Le succès du projet de Kyuso a conduit à de nouvelles découvertes qui pourraient permettre de prévenir n’importe-quelle panne à l’avenir.

Un nouveau projet de pompe à eau financé par l’UNICEF dans le comté de Kwale dans le sud-est du Kenya cherche à déterminer comment les données fournies par les accéléromètres peuvent être employées pour mesurer la profondeur de l’eau sous la pompe afin de contrôler le fonctionnement de celle-ci. Ainsi, il sera possible de prévoir précisément quand la pompe risque de tomber en panne. L’objectif est de réduire au minimum les temps d’arrêt de la pompe, indique M. Thomson.

Le fondateur de CityTaps, Grégoire Landel, explique à Afrique Renouveau que CityTaps garantit aux entreprises de distribution le paiement des consommations en eau grâce à un système de compteurs qui nécessite un prépaiement par téléphone portable. CityTaps installe des compteurs connectés qui contrôlent le volume exact d’eau consommé et payé.

La mise en place de ces nouvelles technologies est complexe et difficile. En Afrique de l’Ouest, M. Landel raconte avoir vu les entreprises de distribution d’eau et d’électricité accomplir de véritables “petits miracles” au quotidien pour leurs clients. Lorsque les gens constatent les bienfaits d’un produit, ils sont généralement prêts à payer pour l’amélioration de leur qualité de vie.

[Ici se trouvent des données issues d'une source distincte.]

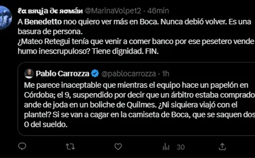 En lugar de acompañar a la delegación a Córdoba para el primer partido de visitante del año, como sí ha hecho en los encuentros disputados en La Bombonera, el Pipa se quedó en Buenos Aires y asistió a un local bailable tras la derrota de Boca contra Talleres. Y si bien se vieron varios hinchas xeneizes fotografiándose con él, en estas horas de domingo en las redes sociales repudiaron que Benedetto haya ido a un boliche luego de la caída del equipo de Hugo Ibarra. ¿Qué opinás al respecto?

Si le projet à Kyuso n’a pas posé de défis majeurs, indique M. Thomson, certains gouvernements et communautés préfèrent néanmoins les projets qui répondent immédiatement à leurs besoins. Comme M. Landel, il estime qu’il est important d’écouter et de développer de solides relations au sein d’une communauté afin d’adapter la technologie aux attentes de celle-ci. Car c’est au final la satisfaction des personnes concernées qui détermine le succès d’un projet et lui donne sens.

Y a-t-il un avantage à ce que la pompe à eau puisse signaler qu’elle est cassée ? La réponse est sans conteste oui. Une pompe à eau cassée qui n’est pas réparée est coûteuse et dangereuse pour la communauté qui en dépend. Pas de vie sans eau. Ainsi, l’IdO vient en aide à l’Afrique sub-saharienne en contrôlant, mesurant et protégeant ses ressources en eau, améliorant le quotidien des personnes qui vivent, en ville comme à la campagne.